Макар не помнил, как оказался за рычагами, как запустил мотор, сквозь гул и удары донесся до него, словно задавленный в горле, испуганный крик;

— Поше-ел!..

Макар двинул танк на косо приставленные, к платформе шпалы; заставил себя на минуту забыть об огне, озаряющем все вокруг, сосредоточенно свел машину и, когда траки лязгнули о рельсы и танк осел, рванул его к откосу и дальше вниз, в затишь низины. Что было потом, вспоминалось Макару не само но себе, все накрепко связалось каким-то особенным образом с лейтенантом, с молоденьким их командиром. Пока, подхлестнутый испуганным его криком, Макар гнал танк, прикрываясь спасительной высотой насыпи, лейтенант как будто срывал с мальчишеской своей души все, что было на ней прежде, что мешало, как хорошие одежды мешают в черной работе: растерянность, мягкость, робость непривычной власти. Первая же его команда: «Стой, Разуваев! Куда?!», в которой еще слышался казнящий себя стыд за испытанный страх, объявила в нем командира.

— Через насыпь, Разуваев! Во фланг! — скомандовал вдруг ожесточившимся голосом лейтенант, и Макар с готовностью подчинил себя почувствованной командирской воле.

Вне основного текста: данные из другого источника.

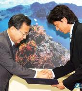 2005.08.04 17: 39'한일 축구 친선대사' 홍명보와 정동채 문화관광부 장관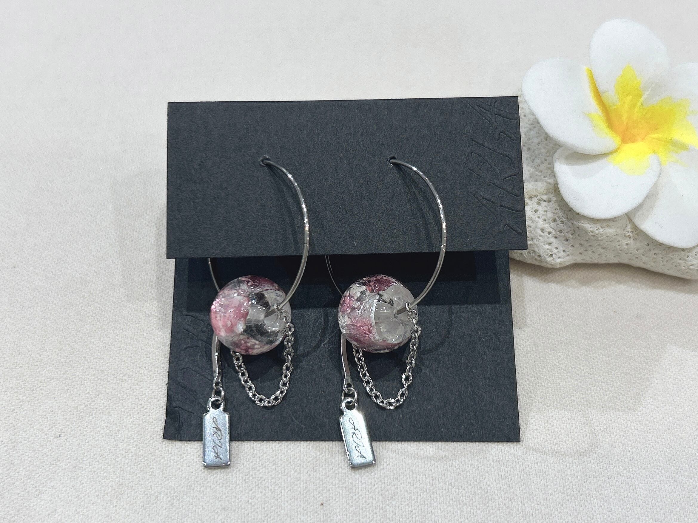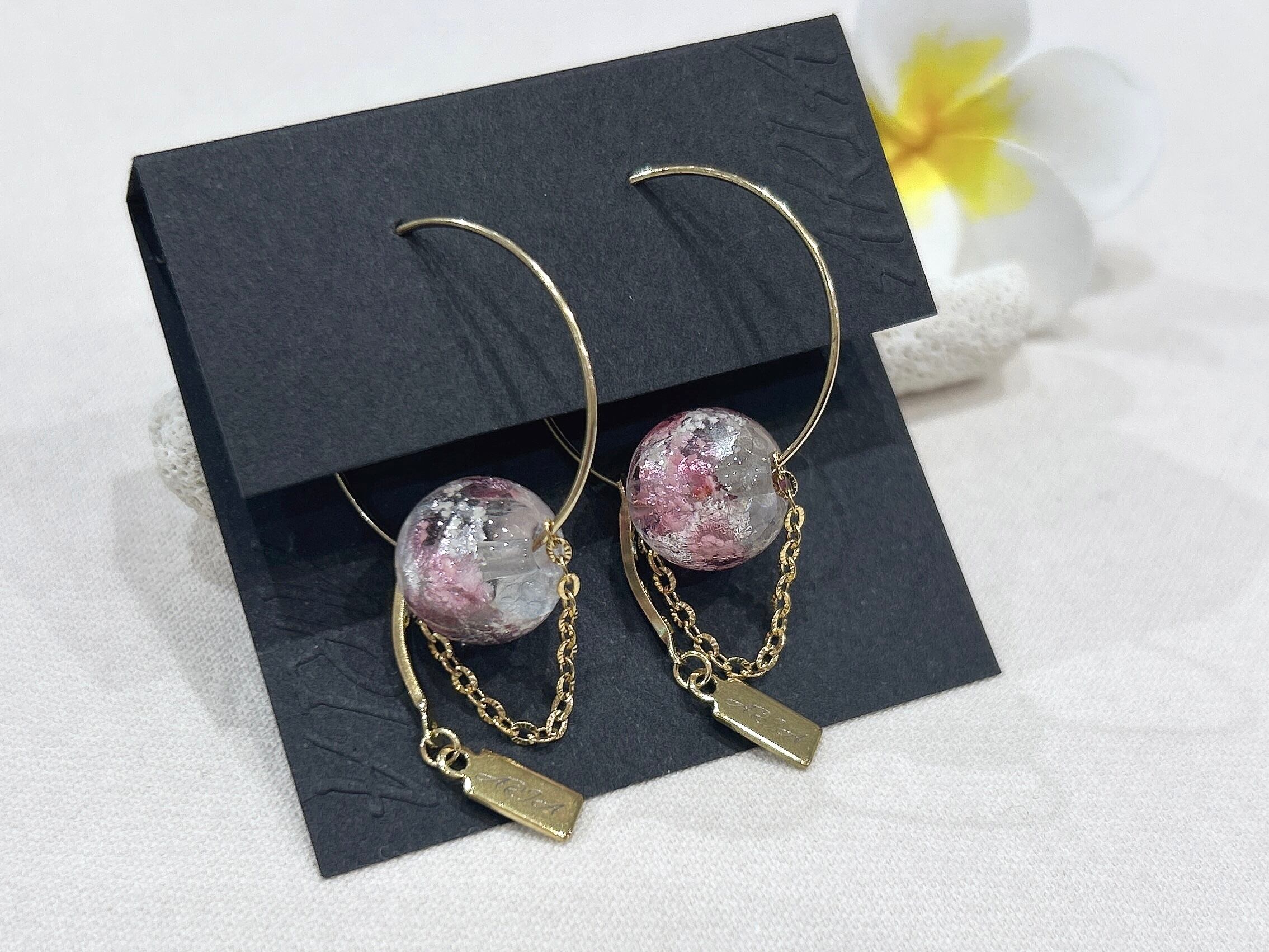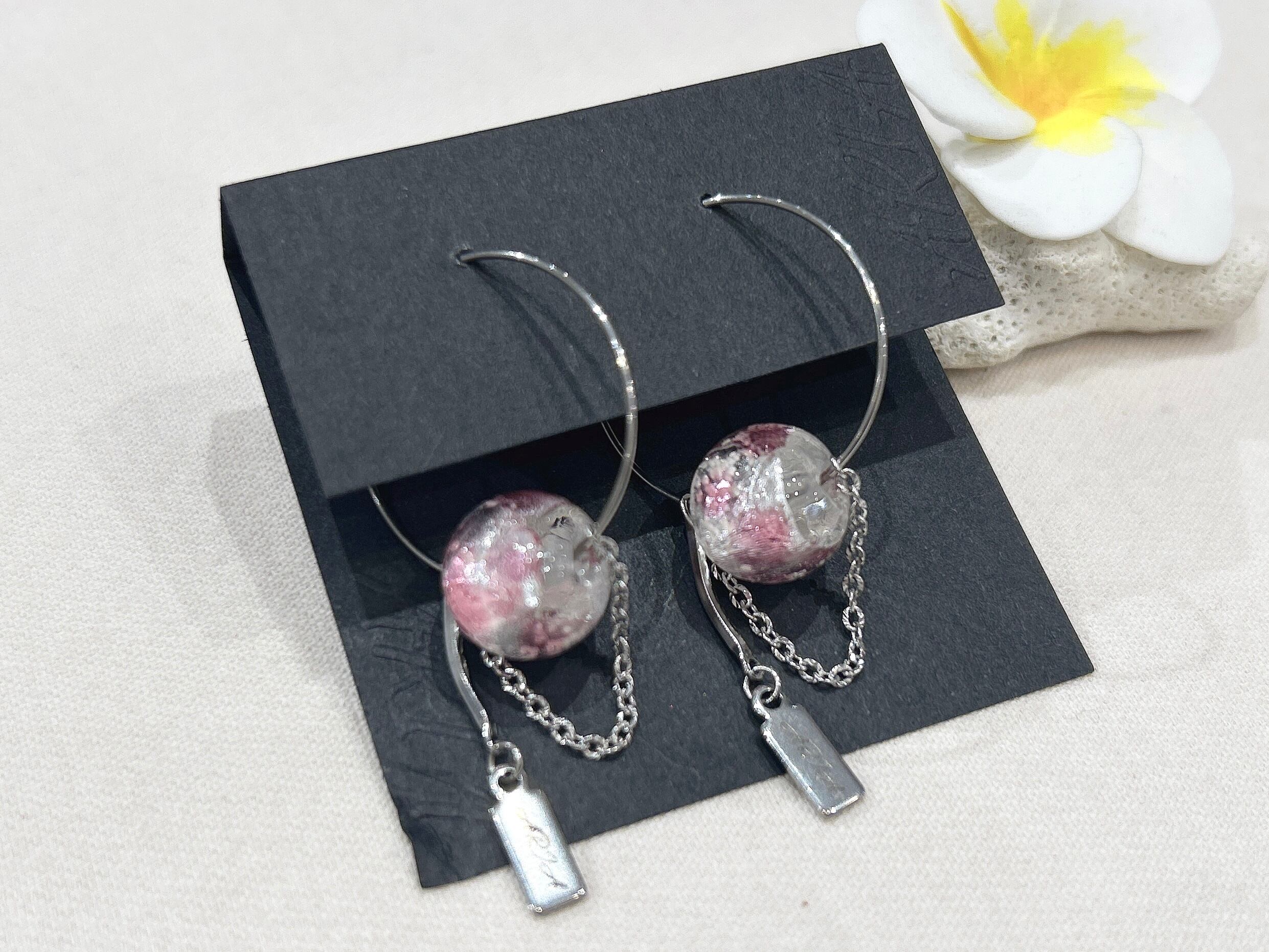 優雅なピンクのフープピアスが登場しました!ホタルガラスの美しい色合いが耳元で華やかさを演出し、さりげないアクセントとしてお使いいただけます。このピアスはサージカルピアスで作られているため、デイリーユースにも適しており、肌に優しく安心してご使用いただけます。

Он запомнит на всю жизнь то, что увидел с высоты насыпи.

По открытому разливу хлебов широким полукругом шли к железнодорожному разъезду чужие танки, покачивали темными угловатыми лбами, на ходу жалили густой вечерний воздух языками огня. На полустанке пылали платформы. В пламени стояли танки; их пушки, повернутые в сторону поля, стреляли, — там, в огне, в бою, погибал их эшелон. На что-то надеясь, Макар придержал машину, увидел, как с задней, еще не разбитой, платформы сполз танк соседа Артюхова, тут же, словно пластаясь по насыпи, понесся по шпалам к ним. Выползала из пламени на заднюю платформу еще одна «тридцатьчетверка» — Коноваленко. Но полыхнувший взрыв подломил угол платформы, танк Коноваленко осел, как тонущий корабль.

— Артюхов!.. Артюхов!.. — кричал лейтенант. Рация Артюхова не отвечала, Артюхов как будто не слышал, не видел. Танк его не дошел до них какой-то сотни метров, круто развернулся, бросился вниз по откосу навстречу немецким танкам.

— Вперед! — крикнул лейтенант. Макар, стараясь не терять из виду Артюхова, сорвал танк с насыпи, погнал вслед. Но Артюхов, как ослепленный зверь, несся напролом, и напрасно взывал к нему осипшим голосом лейтенант.

— Стой, Разуваев! — приказал лейтенант. — Артюхову, видать, вожжа под хвост попала. — Выходи на край поля!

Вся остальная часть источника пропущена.